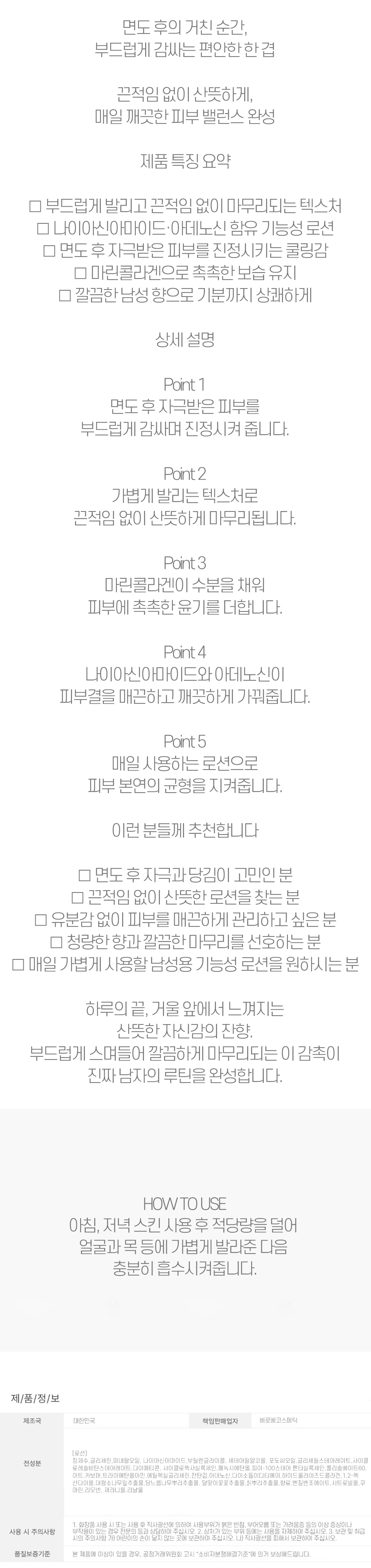 부드럽게 발리고 끈적임 없이 마무리 남성 로션 300ml
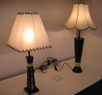 這一系列臺燈造型很特別,擁有優(yōu)雅線條,身上的白紗也是用玻璃制成,有一種特殊的飄逸、通透感覺。臺燈的底座都是樹藝結(jié)構(gòu),古色古香,很具特色。月兔臺燈造型溫文典雅,整體感覺好。
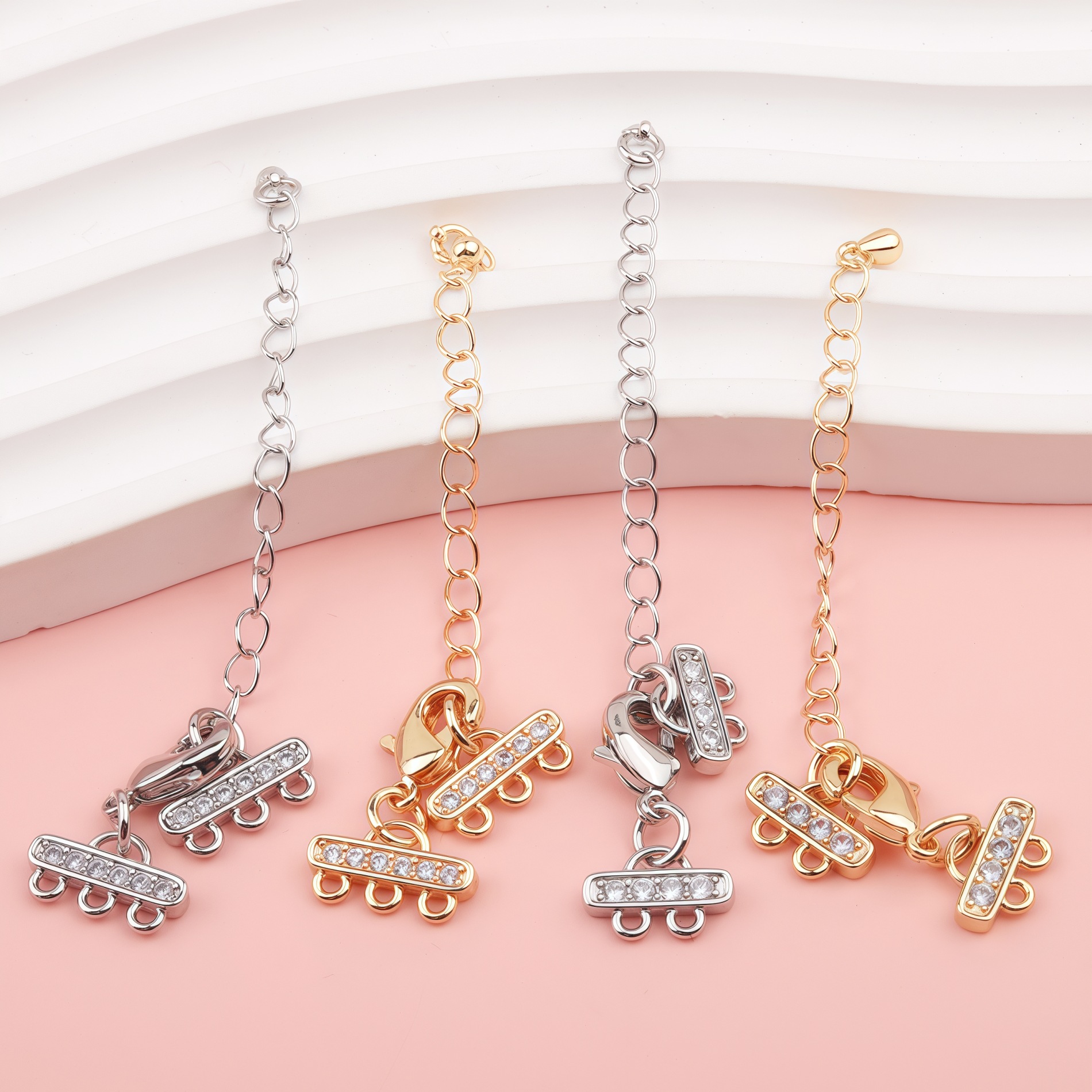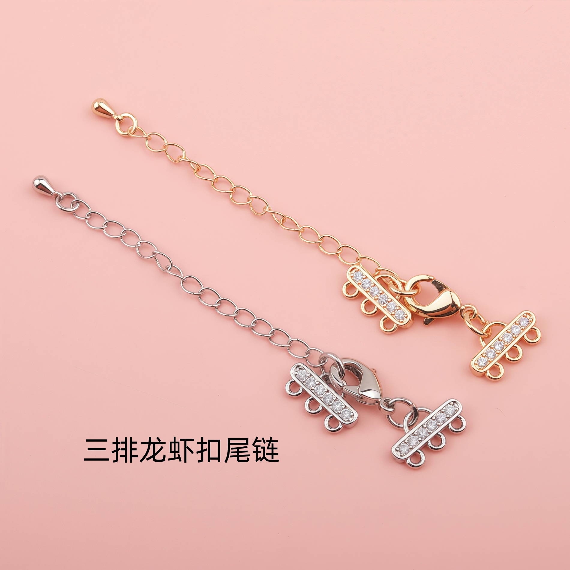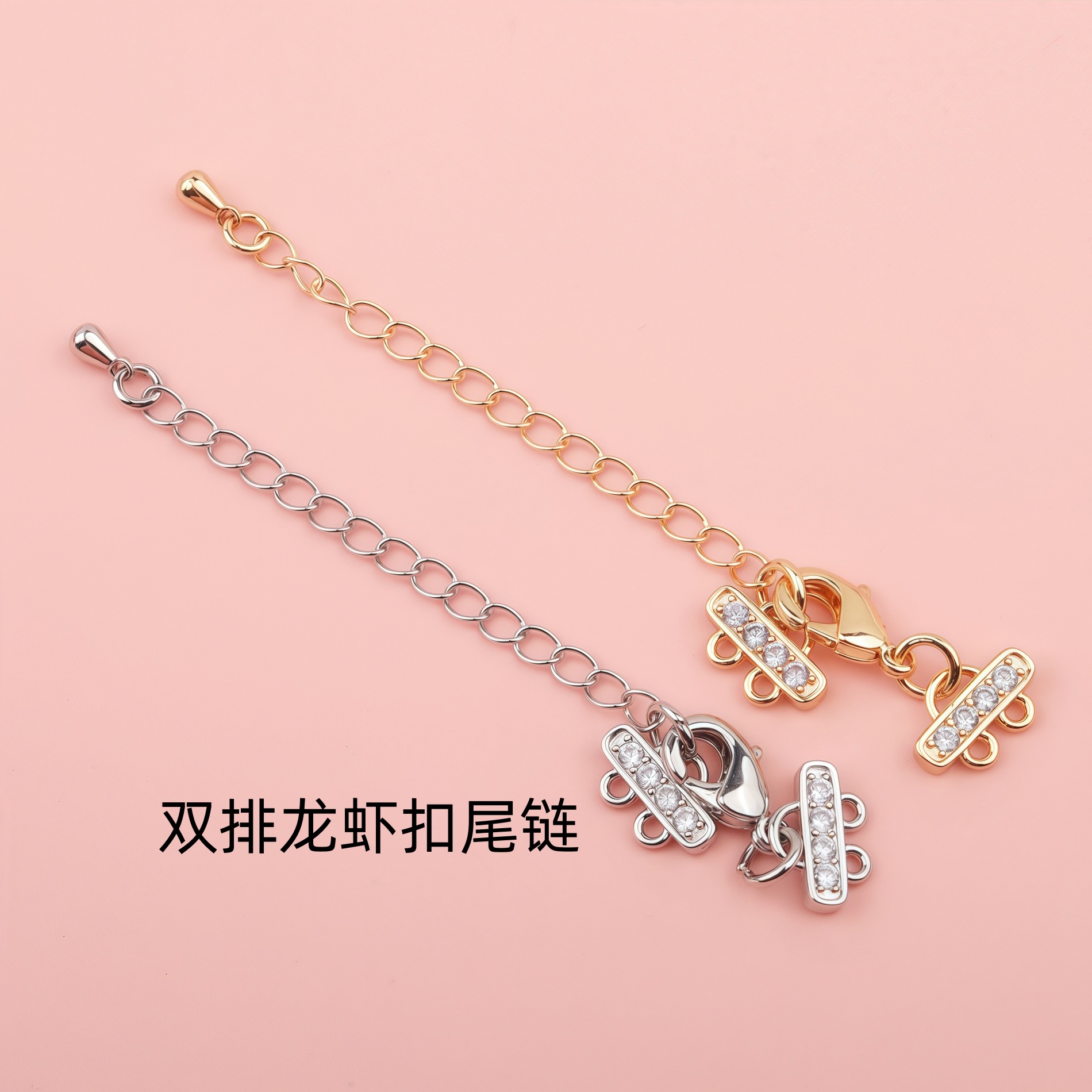 14K铜镀金高保色镶锆石三排双排项链收尾扣diy手链龙虾扣延长链

Problem details>
Write the data above out exactly. Leave out any pictures.

Completed exercise>
 부드럽게 발리고 끈적임 없이 마무리 남성 로션 300ml
 這一系列臺燈造型很特別,擁有優(yōu)雅線條,身上的白紗也是用玻璃制成,有一種特殊的飄逸、通透感覺。臺燈的底座都是樹藝結(jié)構(gòu),古色古香,很具特色。月兔臺燈造型溫文典雅,整體感覺好。
 14K铜镀金高保色镶锆石三排双排项链收尾扣diy手链龙虾扣延长链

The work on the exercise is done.